Listed Building – Category A
- Official name: Findhorn Viaduct
- Designated: 24 April 1989
- Reference no.: LB8690

Location
- Interactive map of Findhorn Viaduct

= Findhorn Viaduct (Forres) =

Bridge in Moray, Scotland

The Findhorn Viaduct is a railway bridge at Forres (north-east of Inverness) in the Moray council area of Scotland. It crosses the River Findhorn to the west of the town. Opened in 1858, it is a Category A listed building.

==History==
The viaduct was built for the Inverness and Aberdeen Junction Railway (later amalgamated into the Highland Railway). Work commenced in 1856 and the structure was completed in 1858. The engineer was Joseph Mitchell and the builders were Thomas Brassey and James Falshaw. The ironwork was by William Fairbairn & Sons of Manchester, England.

==Design==
The viaduct carries a single track over the River Findhorn approximately 1.7 km west of the town of Forres. It comprises three spans of wrought iron open-top box, each 150 ft long. The viaduct is comparatively low, reaching a height of 18 ft 6 in above the river. The total length of the structure, including side spans, is approximately 203 yd. The side spans are also in wrought iron and linked at the ends by wrought-iron ties in the shape of arches which span the width of the structure.

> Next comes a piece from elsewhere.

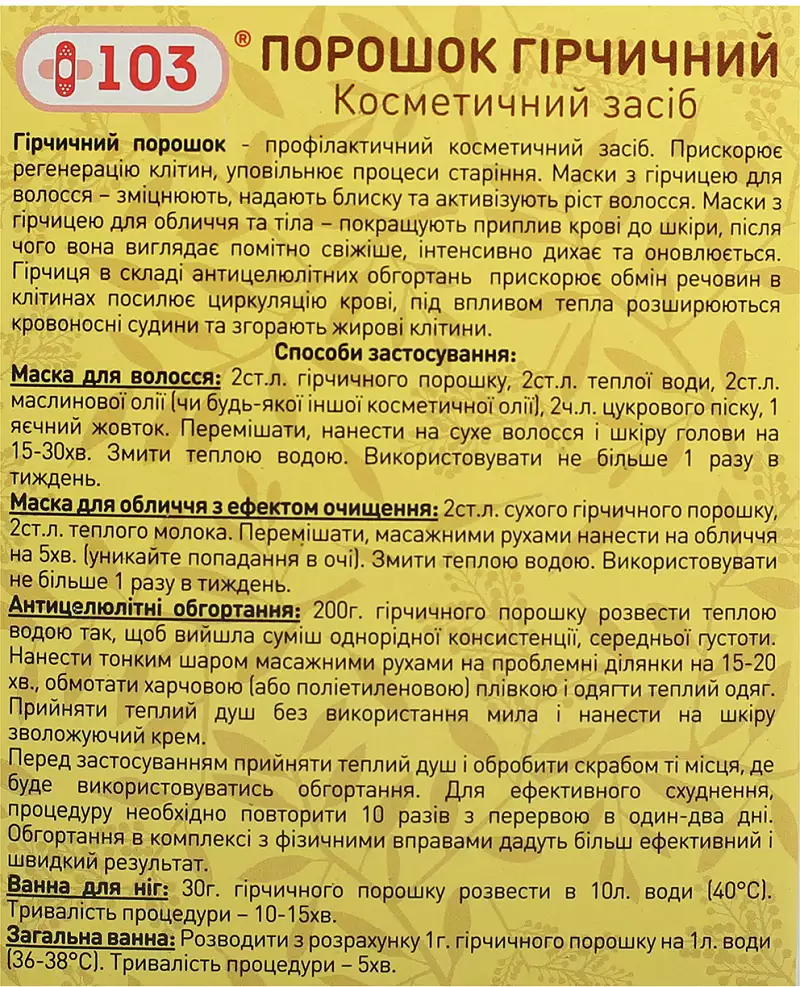 Ванна для ніг: 30 грам гірчичного порошку розвести в 10 л теплої води (40 °С). Тривалість процедури – 10-15хв.

The spans are supported on large piers of channelled masonry and ashlar. The piers have rectangular panels cut into their sides, large high cutwaters, and terminate in moulded caps. Their foundations are in the rock bed 18 ft below the river. The abutments have similar detailing, along with Romanesque balustrades, rusticated incisions. A cast-iron plaque records the opening of the bridge in 1858.

The Findhorn Viaduct was designated a Category A listed building in 1989, a status which provides it legal protection.

The viaduct shares its name with another railway bridge crossing the same river, the Findhorn Viaduct near Tomatin, some 14 km south-east of Inverness.